6. With `--enable-sanhedrin --with-launchd` on Apple Silicon, renders and loads `launchd/com.vestige.mlx-server.plist.template`.
### Uninstall
```bash
launchctl unload ~/Library/LaunchAgents/com.vestige.mlx-server.plist
rm ~/Library/LaunchAgents/com.vestige.mlx-server.plist
cp ~/.claude/settings.json.bak.pre-sandwich ~/.claude/settings.json
# Hook files in ~/.claude/hooks/ can be deleted manually.
```
---
## Performance notes
Optional local MLX backend on M3 Max 16-core (400 GB/s memory bandwidth):
- Legacy Sanhedrin verdict: 515 seconds end-to-end (single deep_reference + single Qwen call)
- Claim mode: one `/api/deep_reference` call per extracted check-worthy claim, capped by `VESTIGE_SANHEDRIN_MAX_CLAIMS`
- mlx_lm.server token generation: ~82 tok/s
- mlx_lm.server peak resident memory: ~19.7 GB
- Cold model load: ~5 seconds
On M3 Max 14-core or M2/M1 Max: closer to 37s prompt processing, ~5060 tok/s generation.
---
## Configuration
| Env var | Default | Effect |
|---|---|---|
| `VESTIGE_SANHEDRIN_ENABLED` | `0` | Set to `1` to enable the optional Sanhedrin Stop hook |
| `VESTIGE_SWARM_ENABLED` | `1` | Set to `0` to disable preflight lateral-thinker swarm |
| `VESTIGE_DASHBOARD_PORT` | `3927` | Vestige MCP HTTP API port used by hooks |
| `VESTIGE_SANHEDRIN_ENDPOINT` | unset | OpenAI-compatible chat completions endpoint for Sanhedrin |
| `VESTIGE_SANHEDRIN_MODEL` | unset | Model name sent to the Sanhedrin endpoint; choose any compatible model |
| `VESTIGE_SANHEDRIN_BACKEND` | unset | Optional backend hint (`ollama`, `llama.cpp`, `mlx`, `vllm`, `openai`, `litellm`) |
| `VESTIGE_SANHEDRIN_CLAIM_MODE` | `1` when installed with `--enable-sanhedrin` | Enables per-claim retrieval and fail-closed user-critical lanes |
| `VESTIGE_SANHEDRIN_OUTPUT` | `json` when installed with `--enable-sanhedrin` | Emits structured JSON from the bridge; shell hook also accepts legacy text |
| `VESTIGE_SANHEDRIN_STAGE_FILE` | unset | Optional JSON-array staged evidence overlay, read-only and non-durable |
| `VESTIGE_SANHEDRIN_MAX_CLAIMS` | `8` | Max check-worthy claims adjudicated per draft |
| `VESTIGE_SANHEDRIN_PYTHON` | `python3` from `PATH` | Optional Python interpreter override for the Stop hook bridge |
| `MLX_ENDPOINT` / `VESTIGE_SANDWICH_MODEL` | legacy aliases | Backward-compatible names still read by the bridge |
| `VESTIGE_MEMORY_DIR` | (auto) | Override per-user Claude memory dir |
---
## Architecture provenance
The Cognitive Sandwich originated April 2026 as a defense against a dogfood failure mode: Claude retrieved relevant memories but summarized them instead of composing them into a recommendation.

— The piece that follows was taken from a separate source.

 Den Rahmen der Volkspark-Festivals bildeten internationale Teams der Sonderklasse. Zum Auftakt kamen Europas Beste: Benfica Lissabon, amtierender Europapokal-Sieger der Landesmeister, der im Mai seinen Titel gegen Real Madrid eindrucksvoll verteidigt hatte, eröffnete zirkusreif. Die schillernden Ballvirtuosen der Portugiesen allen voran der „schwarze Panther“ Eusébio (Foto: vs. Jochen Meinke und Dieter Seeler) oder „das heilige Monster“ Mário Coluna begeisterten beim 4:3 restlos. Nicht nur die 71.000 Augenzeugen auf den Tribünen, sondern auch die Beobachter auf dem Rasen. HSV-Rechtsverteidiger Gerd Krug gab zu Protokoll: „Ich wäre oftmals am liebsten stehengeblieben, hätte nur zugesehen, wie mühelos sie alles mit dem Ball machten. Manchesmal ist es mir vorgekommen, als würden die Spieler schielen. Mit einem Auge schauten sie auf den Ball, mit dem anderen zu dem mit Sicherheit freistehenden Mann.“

The pre-cognitive layer enforces composition; the post-cognitive layer catches contradictions before they ship.
Full architecture memory: search Vestige for `god-tier-plan` or `cognitive-sandwich` tags after install.
---
## Linux / Intel Mac / x86
The base hook harness runs on x86. The launchd MLX helper is macOS-arm64-only.

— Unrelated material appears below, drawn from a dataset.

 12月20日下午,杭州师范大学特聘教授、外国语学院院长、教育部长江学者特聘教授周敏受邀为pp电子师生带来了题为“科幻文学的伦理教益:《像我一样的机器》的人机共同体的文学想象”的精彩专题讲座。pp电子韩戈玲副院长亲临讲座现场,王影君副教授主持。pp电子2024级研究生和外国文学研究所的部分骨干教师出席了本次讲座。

On Linux, Windows under WSL, or Intel Mac:
- Run `scripts/install-sandwich.sh` normally to stage files and remove old Vestige hook wiring. No hooks are activated.

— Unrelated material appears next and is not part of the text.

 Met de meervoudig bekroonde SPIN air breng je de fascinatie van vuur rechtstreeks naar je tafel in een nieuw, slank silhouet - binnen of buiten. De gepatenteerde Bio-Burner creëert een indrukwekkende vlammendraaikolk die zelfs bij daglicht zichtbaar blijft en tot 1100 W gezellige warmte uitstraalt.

- If you want Sanhedrin, run an OpenAI-compatible endpoint such as vLLM, Ollama, llama.cpp server, or a remote MLX/vLLM box.
- Install with `--enable-sanhedrin --sanhedrin-endpoint=<url> --sanhedrin-model=<model>`.
- If the endpoint is unreachable, Sanhedrin fails open and does not block Claude Code.